Third-Year Students. There were 75 constructive notes given to the third-year nursing student cohort (n = 226), with the most frequently cited criterion (n = 41, 55%) relating to the professional practice domain, specifically criterion 1.1, which “demonstrates accountability and responsibility for own actions.” Further, 18 learning contracts were consequently issued to third-year students, with the most frequently identified domain (n = 14, 78%) being Professional Practice criterion 1.1, as above.
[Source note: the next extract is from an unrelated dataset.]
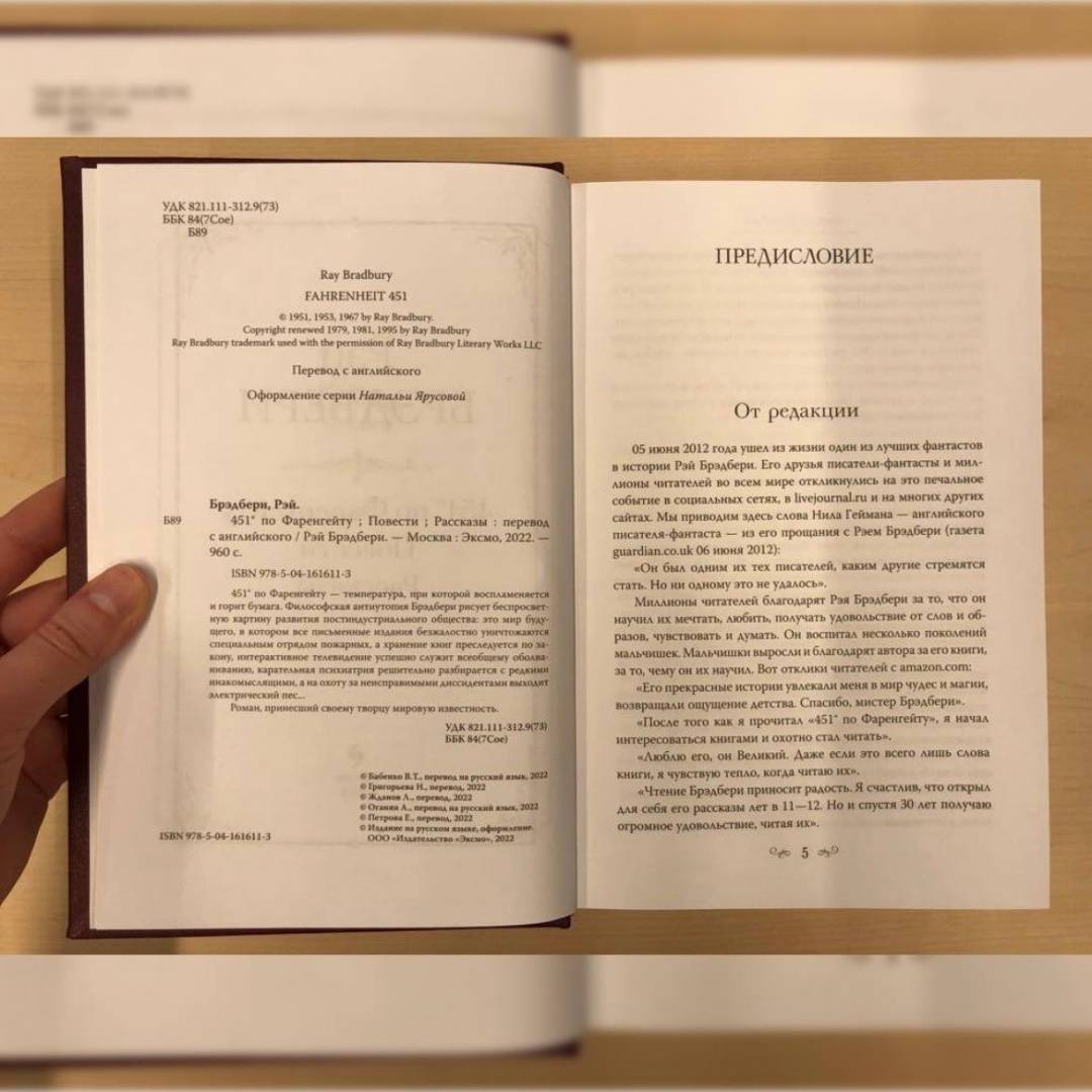 ОписаниеФилософская антиутопия Рэя Брэдбери рисует беспросветную картину развития постиндустриального общества. Роман, принесший своему творцу мировую известность.Сенсационным было заявление Брэдбери в 2007 году, что "451° по Фаренгейту" понимают неправильно. Эта книга не о правительственной цензуре, это история о том, как телевидение уничтожает интерес к чтению книг.В начале 1950-х большинство американцев в глаза не видело телевизора, однако Брэдбери предсказал наступление новой эры свободы, достатка и развлечений, когда желание быть счастливым, помноженное на политкорректность, приведет к запрету книг. "Цветным не нравится книга "Маленький черный Самбо". Сжечь ее... - Белым неприятна "Хижина дяди Тома". Сжечь и ее тоже. Кто-то написал книгу о том, что курение предрасполагает к раку легких. Табачные фабриканты в панике. Сжечь эту книгу. ...книга - это заряженное ружье в доме соседа. Сжечь ее! Разрядить ружье!" Новая серия шедевров мировой литературы в изысканном переплете из экокожи с тиснением золотой и серебряной фольгой. Оформление книг выполнено в элегантном винном оттенке, обложки украшены рельефным узорчатым тиснением.СвернутьФилософская антиутопия Рэя Брэдбери рисует беспросветную картину развития постиндустриального общества. Роман, принесший своему творцу мировую известность.Сенсационным было заявление Брэдбери в 2007 году, что "451° по Фаренгейту" понимают неправильно. Эта книга не о правительственной цензуре, это история о том, как телевидение уничтожает интерес к чтению книг.В начале 1950-х большинство американцев в глаза не видело телевизора, однако Брэдбери предсказал наступление новой эры свободы, достатка и развлечений, когда желание быть счастливым, помноженное на политкорректность, приведет к запрету книг. "Цветным не нравится книга "Маленький черный Самбо". Сжечь ее... - Белым неприятна "Хижина дяди Тома". Сжечь и ее тоже. Кто-то написал книгу о том, что курение предрасполагает к раку легких. Табачные фабриканты в панике. Сжечь эту книгу. ...книга - это заряженное ружье в доме соседа. Сжечь ее! Разрядить ружье!" Новая серия шедевров мировой литературы в изысканном переплете из экокожи с тиснением золотой и серебряной фольгой. Оформление книг выполнено в элегантном винном оттенке, обложки украшены рельефным узорчатым тиснением.СвернутьСвернуть

Results from this study suggest that entering the nursing course via a graduate entry pathway without a health science background, students with a lower GPA, and international students were all factors associated with receipt of a constructive note or learning contract during clinical placement. This study has identified a positive correlation between students who commenced a baccalaureate of nursing course as a graduate student from a non-health science discipline and the receipt of constructive notes and contracts while on clinical placement. Providers of nursing courses have established precedents for students with previous degrees to complete an abridged 2-year course, regardless of educational discipline. However, the discipline of nursing is founded on understanding of human biological sciences; therefore, graduates from disciplines without this foundational knowledge experience challenges on clinical placement. This may suggest that abridged courses do not meet the learning needs of students from a non-health science background. Many nursing activities in clinical practice are underpinned by science, and a sound understanding of appropriate theory could support clinical decision making (Boddey & de Berg, 2015). The implementation and subsequent evaluation of the effectiveness of a science-based bridging course to assist graduate-entry nursing students is an area for future consideration. Educators in this nursing course must be proactive in the science learning space and include measures to promote the clinical perspective—that is, making explicit the relevance for RN practice (Gordon & Hughes, 2013) to increase student engagement and subsequent learning. A simple yet effective strategy that could be implemented is through a small-group learning activity where a student-generated question bank is developed and shared with other students. Christensen, Craft, Shaw, and Bakon (2017) found that not only was this learning and teaching approach rated positively by nursing students, but students also reported writing questions improved their understanding of content and assisted in their active reflection of content.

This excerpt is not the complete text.